The authors claimed to release the source code and/or dataset upon acceptance of the submission.
- Do you have any additional comments regarding the paper’s reproducibility?
N/A
- Please provide detailed and constructive comments for the authors. Please also refer to our Reviewer’s guide on what makes a good review. Pay specific attention to the different assessment criteria for the different paper categories (MIC, CAI, Clinical Translation of Methodology, Health Equity): https://conferences.miccai.org/2024/en/REVIEWER-GUIDELINES.html
Add commentary about the clinical utility of the method.
- Rate the paper on a scale of 1-6, 6 being the strongest (6-4: accept; 3-1: reject). Please use the entire range of the distribution. Spreading the score helps create a distribution for decision-making
Strong Accept — must be accepted due to excellence (6)
- Please justify your recommendation. What were the major factors that led you to your overall score for this paper?

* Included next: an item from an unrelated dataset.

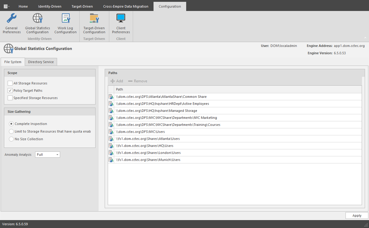 This configuration will cause the GSR Collector to enumerate all shares found in Storage Resources. During the enumeration, child folders at the root of shares are inspected for anomaly analysis and checked to determine if they have a quota applied to them via FSRM. If they have a quota, FSRM is queried to obtain it. This configuration is more efficient than Complete Inspection. However, if you have folders that do not have quota, there will be size data missing from Global Statistics and Policy-based Path Redistribution that would skew your results.

This work is a big contribution. The dataset is large, and the authors plan to release the dataset. The model is impressive in performance.
- Reviewer confidence
Very confident (4)
- [Post rebuttal] After reading the author’s rebuttal, state your overall opinion of the paper if it has been changed
N/A
- [Post rebuttal] Please justify your decision
N/A
Author Feedback
We would like to thank all reviewers for their insightful feedback. R1 acknowledges the significance of our research via the challenges and important suggestions addressed in our paper, particularly emphasizing its relevance to the field. R2’s recognition of the reproducible results further validates the robustness of our findings, enhancing the credibility of our study (R3). Additionally, the acknowledgment of the valuable system design and the clarity in exposition by R2 highlights the effectiveness of our approach in communicating complex concepts. Furthermore, R3’s positive remarks on the sufficiency of qualitative and quantitative comparisons, along with the significant improvement over state-of-the-art methods, provide valuable validation of our contributions (R1, R2, R3). We are committed to thoroughly addressing each reviewer’s comments: K-fold cross-validation (R1): Below we share the 3-splits result. The only condition we followed was that all the categories are present in train and test sets, for all the splits. For splits, 70% of data is considered for training, and 30% is used for testing. Three splits are:
Split mAP@50 mAP@50-95 NC NS N C CB CV Split1 52.2 28.2 73.9 95.9 54.3 89.7 83.6 29.1 Split2 44.2 24.2 76.2 98.1 56.6 91.0 82.7 10.2 Split3 40.5 22.2 75.7 97.1 49.5 91.2 85.5 11.2 Average 45.6 24.8 75.2 97.0 53.4 90.6 83.9 16.8 Std Dev 4.88 2.49 1.14 0.89 2.89 0.74 1.16 8.68 Regarding selection of parameters, we have decided to keep the default settings for simplicity and to maintain consistency.
The naming of a subset of the collected dataset (R3): R3 recommended adding a description on the naming of subsets of the collected dataset. Name assigned to subsets as: H_100x_C1 = [Microscope Cost][Resolution][Camera Type], H stands for high-cost microscope, namely OlympusCX23, 100x is the resolution, and C1 is the camera type. Similarly for other microscope types, camera types and on different resolutions. Supplementary Information (R3): Generation of Cutoffs for Subgroups in Fig. 2b (R3): In Fig. 2b of supplementary materials file, the cell sizes are mentioned as small, medium and large. As the dataset is annotated by hematologists, they have assigned the cell size attribute to the WBC cells. Explanation of Terms and Artifacts (R3): In Fig1, part b, we have shown the None type of WBC with box level annotation. It includes the artifacts (Staining Artifacts, Smear Artifacts, Debris, Air Drying Artifacts etc.) and clamp cells. Clinical Feasibility (R4): Diagnosing leukemia is expensive due to the necessity of using microscopes and relying on expert hematologists, who may not be readily available in all locations. Additionally, advanced and costly tests such as flow cytometry and genetic analysis are often required. Our method can help reduce these costs by providing detailed morphological analysis through AI, potentially decreasing the reliance on these expensive tests.
Meta-Review
Meta-review not available, early accepted paper.